I know NZ and I know the hard drinking and (domestic) abuse that is written in the book does exist. It is something that is a known problem in NZ. I see the Maori legends, stories and thinking that I know and love seeing them shine through.
I am so glad I read this book as it had been on my to read list ever since I have known about it (20 years) I will have to re-read it as it has so much in itself that I think I missed parts.
I give it 4.5 stars rounded down and that is because of the ending, the not finishing some of the story (even not leaving it open) and the weird mystic ending that to me does to feel to be part of the main story.

This is an ordinary story about friendship, coming back to one's roots and family, and the everyday struggles of people haunted by their pasts. But this ordinary story is told in such a unique way. There is nothing formal or standard about Hulme's writing. Stream of consciousness, unorthodox shifts in perspective, and poetry are all a part of what make this a worthy Booker Prize winner from its time.
challenging emotional reflective sad medium-paced
Plot or Character Driven: Character
Strong character development: Yes
Loveable characters: Complicated
Diverse cast of characters: Yes
Flaws of characters a main focus: Yes

My all time favorite book. Part poetry, part allegory, part narrative... the writing enticed me to attempt the book just one more time all through college, until I finally found my affinity for it. My life has consistently spiralled back to poor Kerewin, and I still haven't found what brings me back time after time. Is it the language? The landscape? The story of Simon, finally able to speak and integrate his trauma? I am now finding that Simon gave me unbelievable empathy for my own child, who's experiences in life are not that different.

So many conflicting feels about this book...

I have mixed feelings about this book.

Descriptive language is sometimes amazing ... BUT... looking up frequent Maori phrases (back of the book) was annoying. (Footnotes anyone?!?)

'hearing' a character's thoughts / seeing through their eyes does give deep insight ...BUT... I'm sometimes not sure which character this is, disjointed thought processes often lose me, I sometimes give up on paragraphs and skip to the next.

Reality vs dream world... all well and good, but I'm not always sure which is which.
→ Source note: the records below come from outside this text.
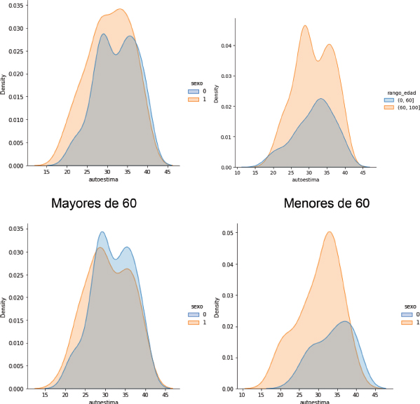 Por otra parte, se ha identificado que las mujeres presentan mayor riesgo de exclusión del mercado laboral y pobreza. Por lo cual tienden a presentar menores niveles de autoestima. Sin embargo, los hombres experimentan una reducción más drástica de su autoestima y esta alcanza el nivel de las mujeres, como consecuencia de la mayor importancia que estos le otorgan al estatus socioeconómico (Pinquart y Sörensen 2000; Orth y Trzesniewski et al., 2010; Lee, Lee y Song, 2019; Sánchez y Medrano et al., 2021).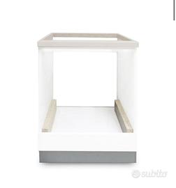 Comprende la base 60 cm x 60 cm di legno, 4 piedini, copripiedini grigio chiaro, top beige forato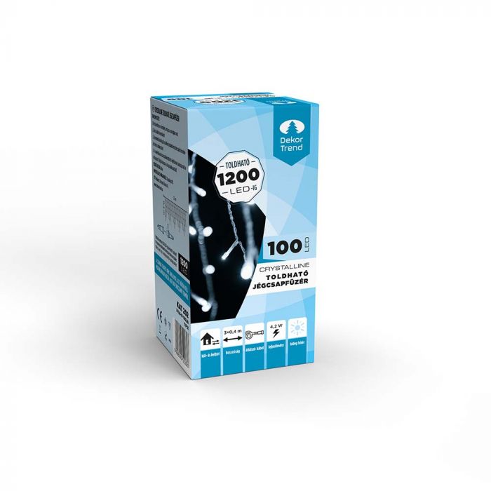Crystalline toldható jégcsapfüzér 3 x 0,4 m, 101 LED, hideg fehér, átlátszó kábellel
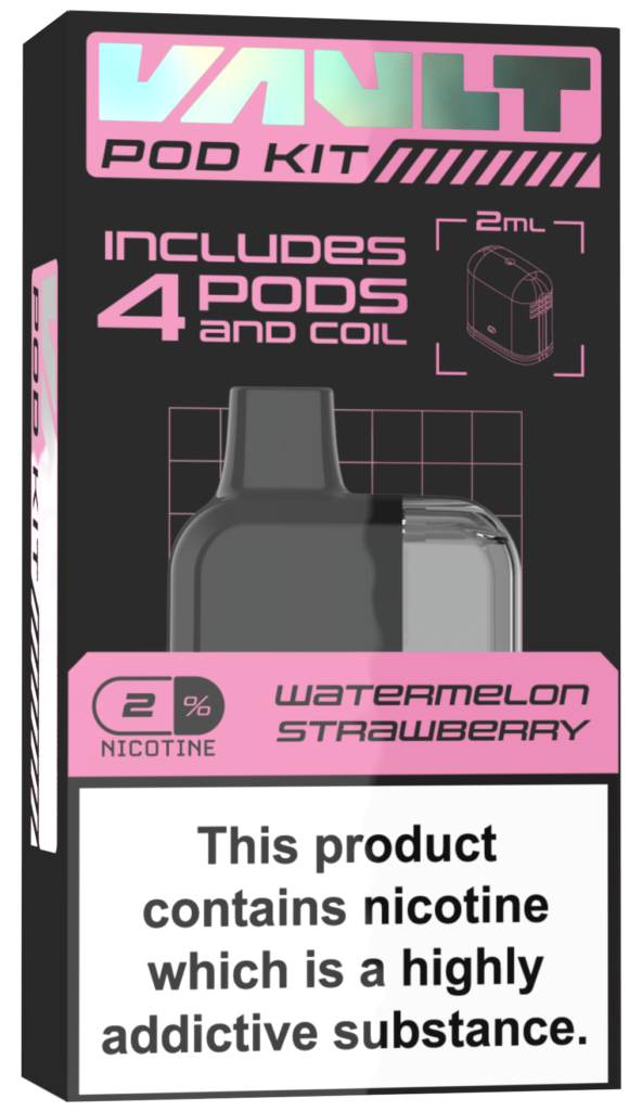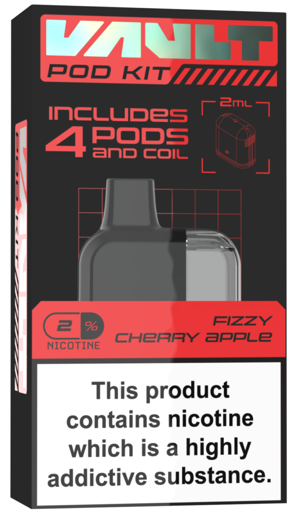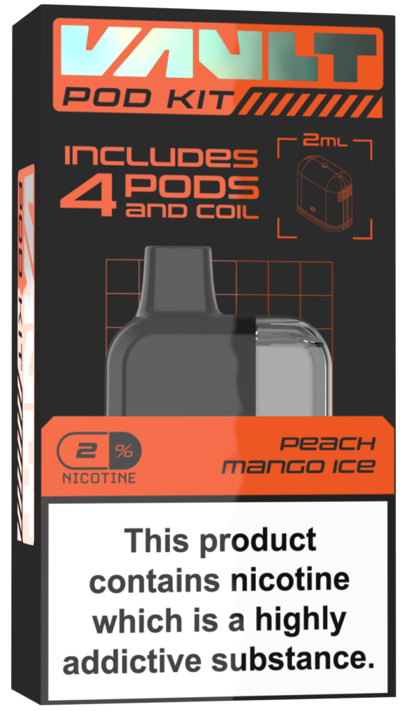 AVAILABLE IN 4 FLAVOURS. ALL VAULT POD KITS COME SUPPLIED WITH 4 - 2ML FLAVOUR PODS.
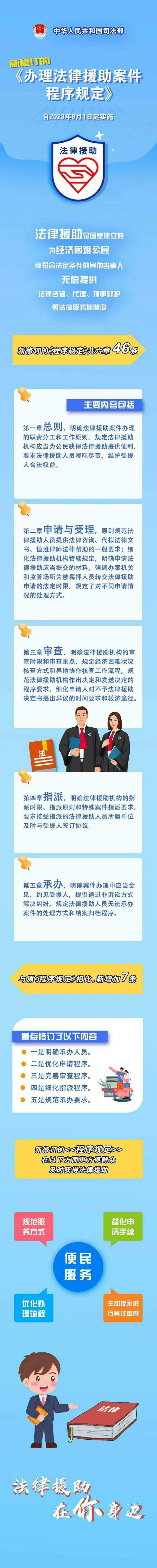 為貫徹落實法律援助法,提高法律援助案件辦理程序的標準化規(guī)范化水平,司法部對2012年公布并施行的《辦理法律援助案件程序規(guī)定》進行了全面修訂,修訂后的《程序規(guī)定》,在方便群眾及時獲得法律援助、提高法律援助服務質量等方面,作出了一系列具體規(guī)定?!冻绦蛞?guī)定》自2023年9月1日起施行。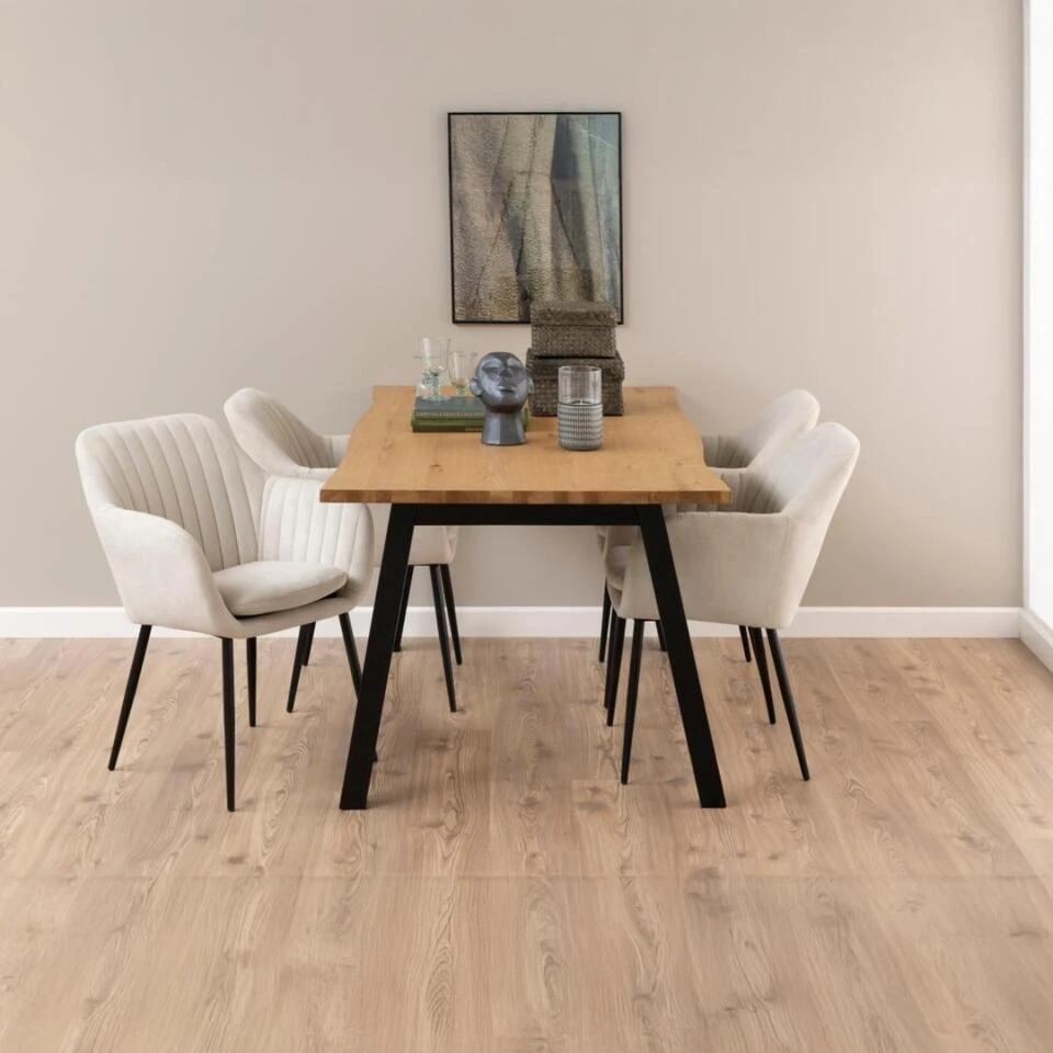 Materiaal: De zitting van de Fiska stoel is gemaakt van hoogwaardig stof/textiel, wat zorgt voor een zachte en comfortabele zitervaring. Het stalen frame biedt de nodige stevigheid en stabiliteit, waardoor de stoel niet alleen stijlvol maar ook duurzaam is.

This is probably a deliberate ploy by the author, but brings me to a new level of disorientation when coupled with disjointed thoughts and character confusion.

All in all, I enjoyed this book. I'm pretty sure I know what happened (in broad terms - I probably missed some details) and the narrative style was interesting, if frustrating at times.

The book follows the push-pull dynamics between the three main characters, their journey to find a place where they are 'together-apart' from each other, reconciled to themselves but part of a community, at peace with the ghosts of their past and comfortable with their mixed-ethnicity...

The three main characters are odd, definitely flawed but ultimately human and loveable and this is what carried the book for me.




challenging emotional slow-paced
dark emotional sad medium-paced
Plot or Character Driven: Character
Strong character development: Complicated
Loveable characters: No
Diverse cast of characters: Yes
Flaws of characters a main focus: Yes

This was an extremely difficult book to read. It is long, the font (in the copy I had) was small, and the writing style was unique, but hard to follow. I got the basic gist of the story, but I'm sure I missed a lot of what the author was trying to convey.